Sunday, August 23, 2015

Going to see the Dead, thumbing it down the Pacific Coast

The early days of Eneput Day Care Center.
Back when I was 14 and my sister was 11, mom got this great idea to see if the Grateful Dead would do a concert in Fairbanks, Alaska. Back then, the Dead would give a portion of the gate receipts to benefit nonprofits in the area.

Mom had inherited a bunch of money and like a good hippy used it all to create a foundation for a day care center and day camp that she called Eneput, which in Yupik means "our house." The place took care of scads of kids, mostly those of single mothers so they could get work in what was then a pretty godforsaken economy up North.

It always needed money. We had nothing. Mom was a true believer. We lived the life of the Last Whole Earth Catalog and Diet for a Small Planet. We raised our own food. We didn't have a car. We got cold and hitchhiked every day. Eneput always needed money. Mom was a fundraising fiend. She was into politics, and she helped write the Alaska Day Care Assistance Act, which subsidized day care for poor people.

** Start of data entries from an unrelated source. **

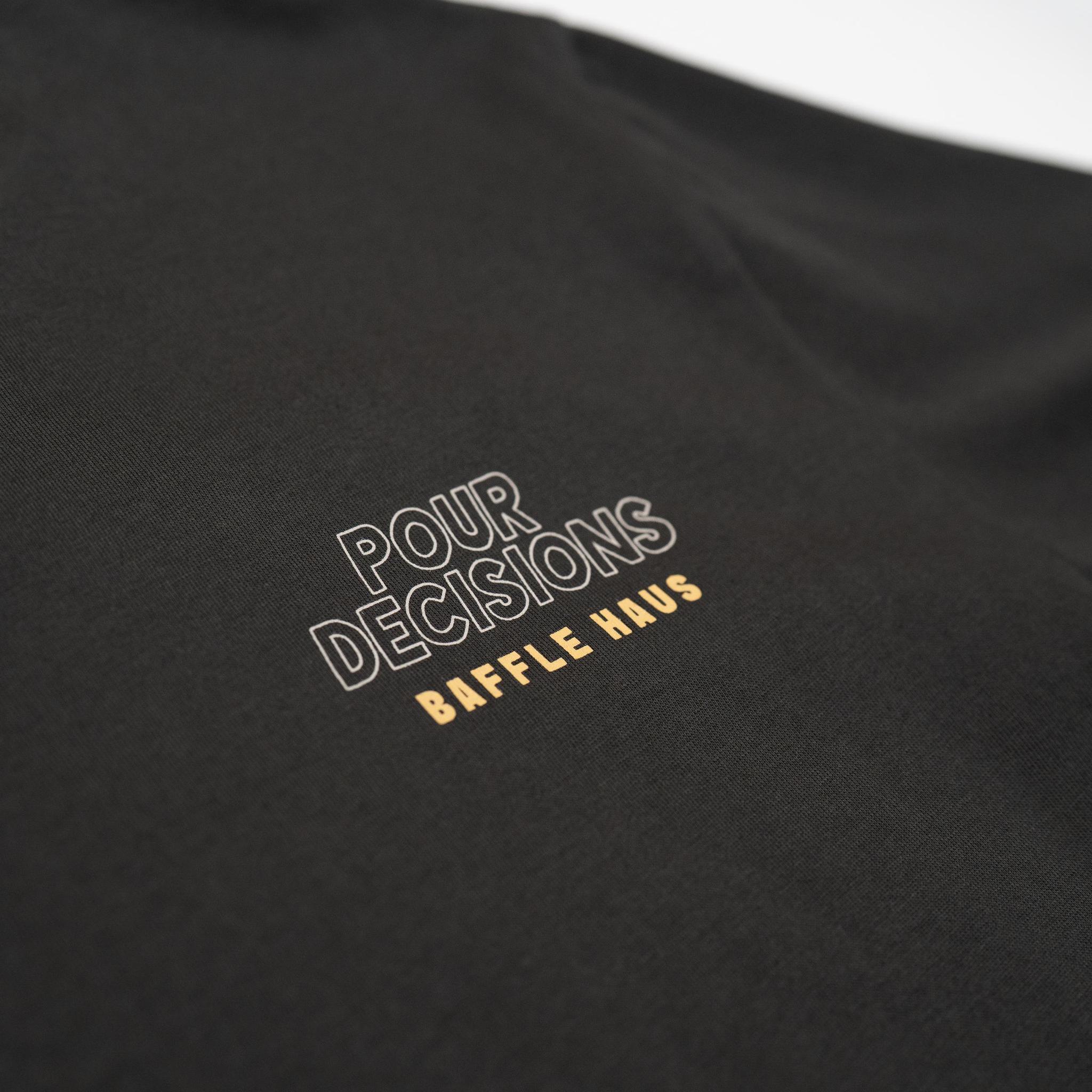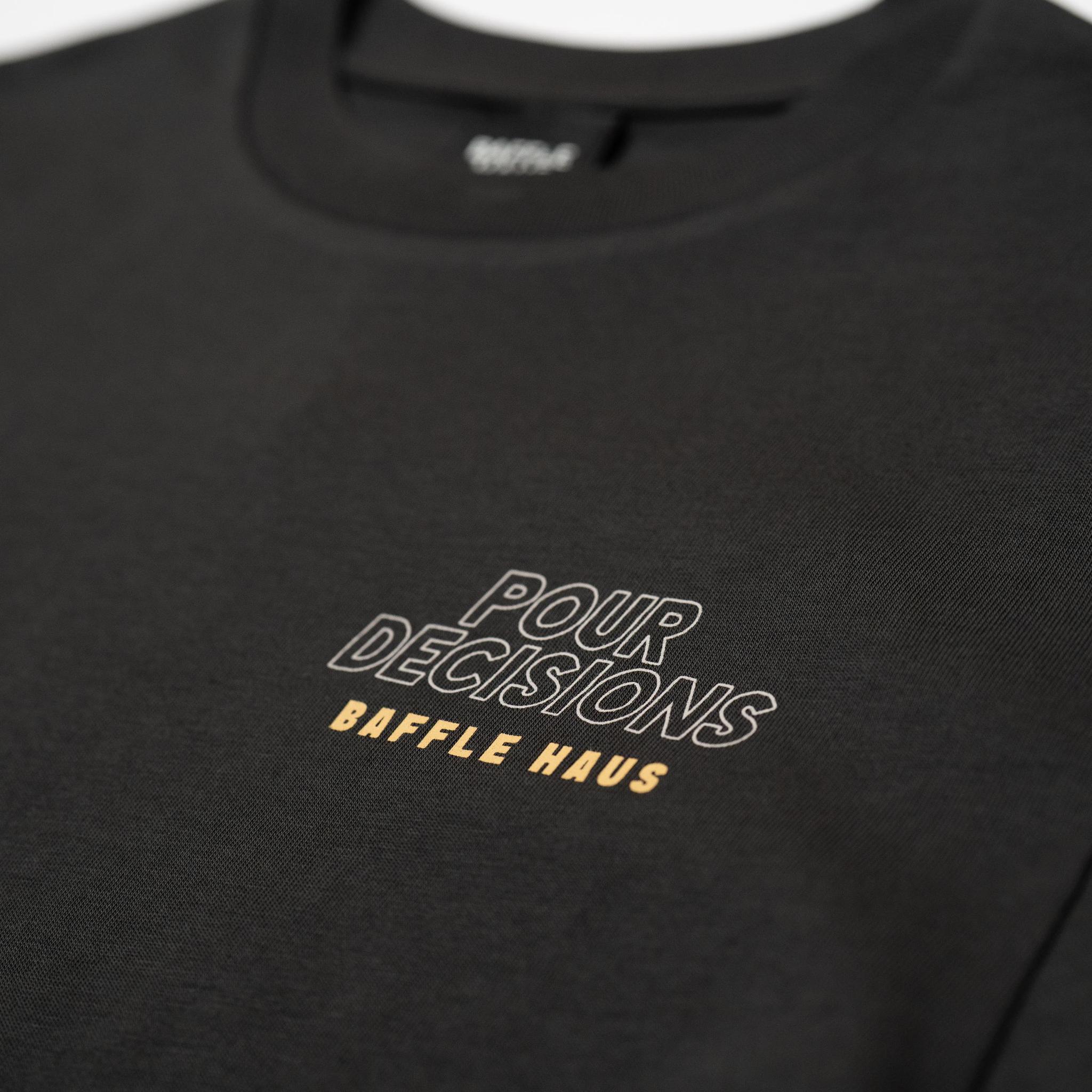 These tees are celebrating the madcap charm of Pour Decisions. They’re more than threads; they’re a badge of belonging to the Baffle Haus community, where every questionable classic and every steaming cup comes with top notch company. Snag yours now and wear your love for the road, the brew, and the brilliant folks who make it all worthwhile before they disappear like a bad bet at a car auction.
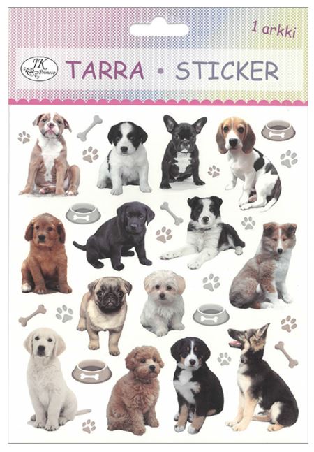 Lajitelma koira-aiheisia tarroja askarteluun.
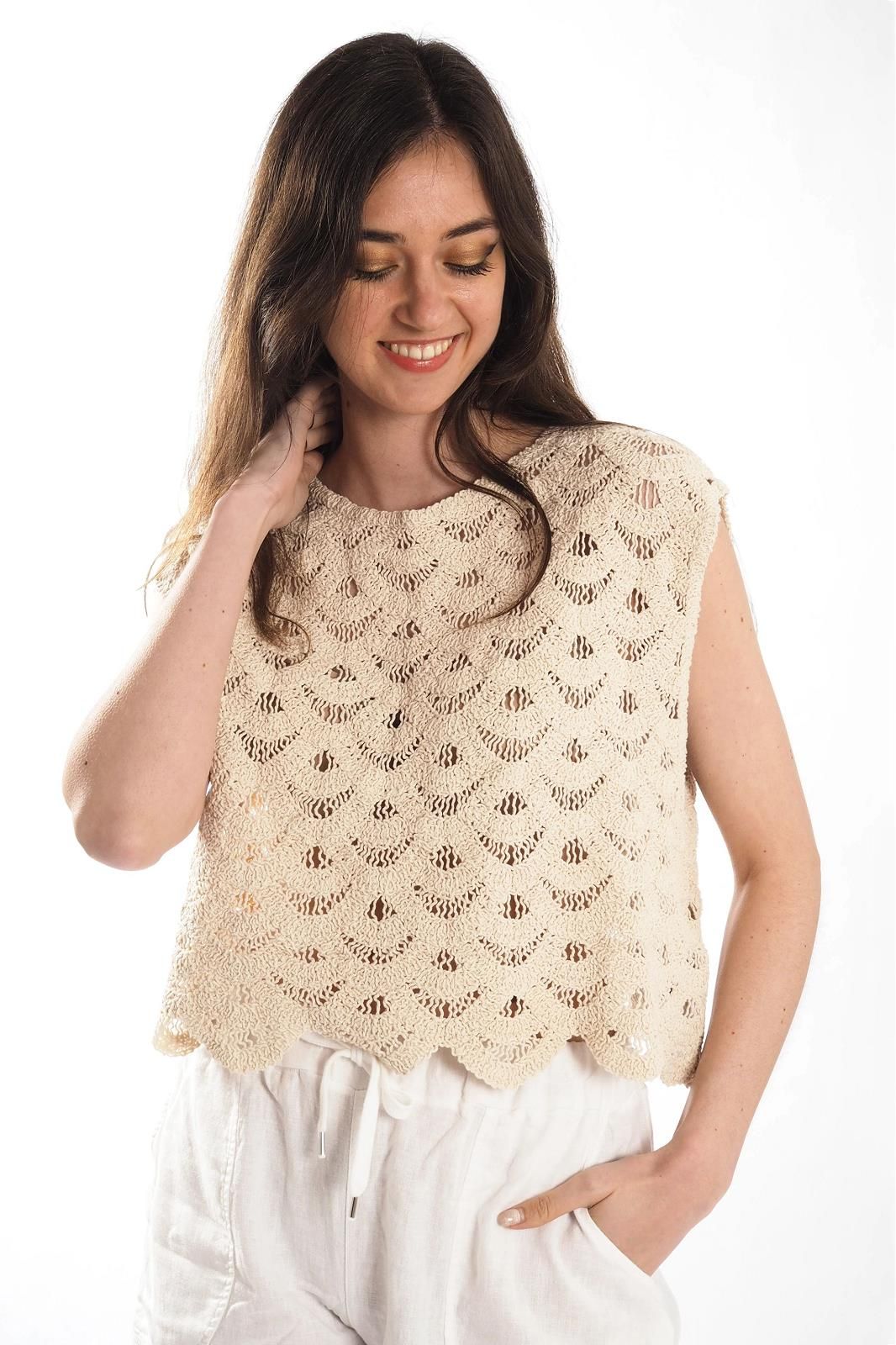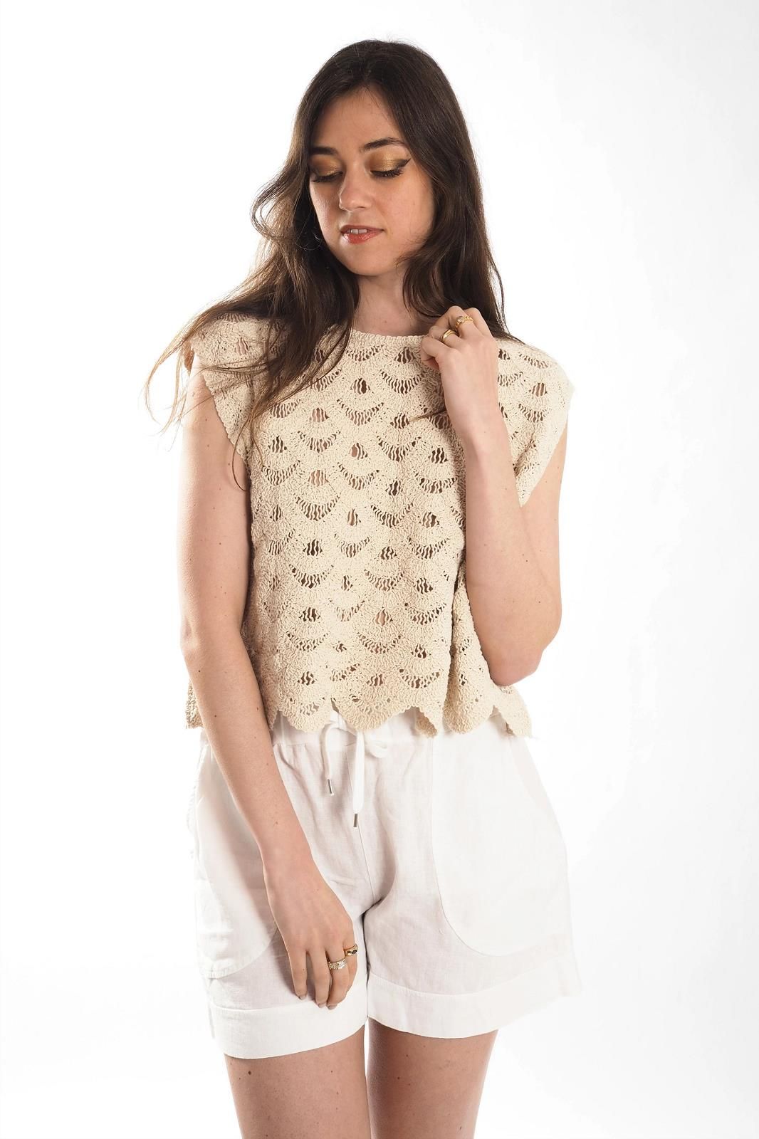 Ce petit top en crochet couleur crème THE KORNER est à la fois délicat et tendance. Sa maille ajourée apporte une touche bohème parfaite pour les beaux jours.
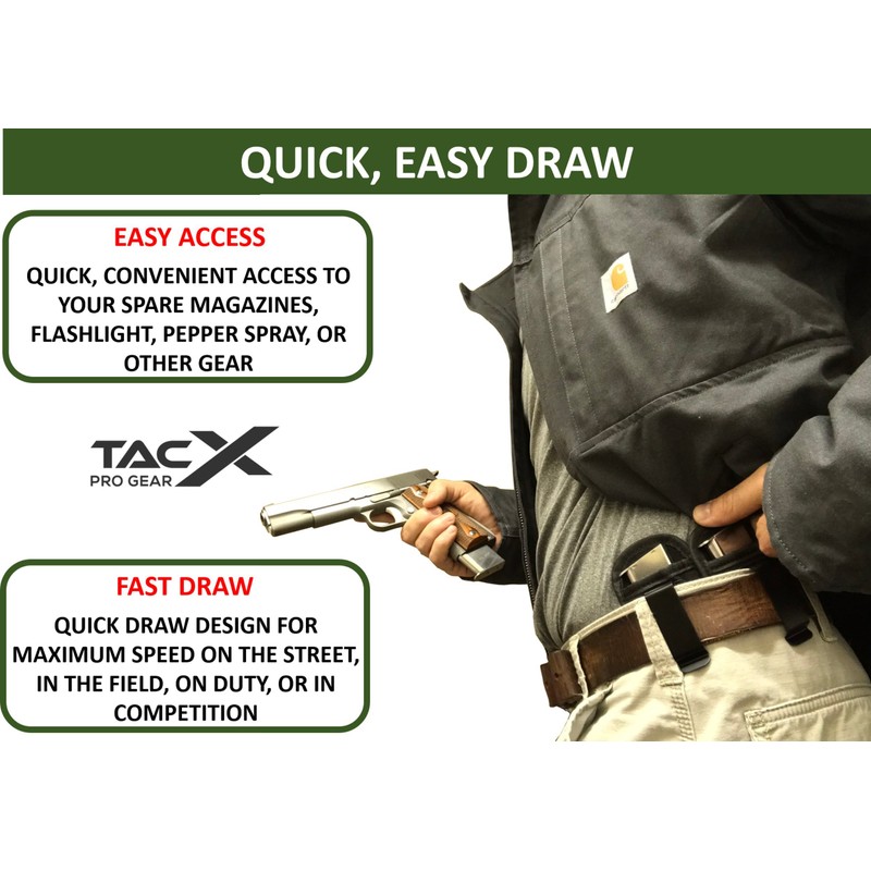 TacX Pro Gear Universal IWB Pistol Mag Pouch | Inside The Waistband Magazine Holder | Single and Double Stack Magazine Concealment Holsters for 9mm/.40/.45/.380 (2 Pack - Large & Small)

But the Dead was a wild idea. Greg Herring was a friend of all the hippies who ran Eneput. Everybody called him Bigfoot. He was bearded and had the hair and persona of the day. He said he got to know the Dead following them around on tour.

He was an original Deadhead. He really did know them.

I didn't care. I was 14. However, one Friday after working all day as a camp counselor at mom's day camp — which had several hundred kids at Fairbanks' AlaskaLand — I found Bigfoot at the house. Not a good sign. Bigfoot always had big ideas. And he had no money. Neither did mom. I rode my bike home the 12 miles from AlaskaLand. I hated hitchhiking. Back then we mostly got picked up by people with trucks and rode in the back. That sucked in the cold.

"So," mom said. "Bigfoot will take us to meet the Grateful Dead."

"Oh?" I said, knowing that he was usually full of malarky. Then she explained. We would travel by plane to Seattle and thumb a ride at Sea-Tac. No big deal. It was 1975. Hitchhiking isn't legal on the freeways until Oregon but we wait at the on-ramps.

"It will be an adventure," mom said.

It was. We bought one-way tickets to Seattle from Fairbanks International, landed in Seattle with no cash. Of course the banks were closed. Mom had a check book and her voter registration card. Nobody took her checks. I had $20 I didn't tell her about until later.

We got a ride immediately from the airport. Some insurance salesman in a rental. He was nice. Loved the Dead story. Then we got stuck at every on-ramp on Interstate 5. One place had a line of us hitchhikers. One group had been there over night. It didn't look good.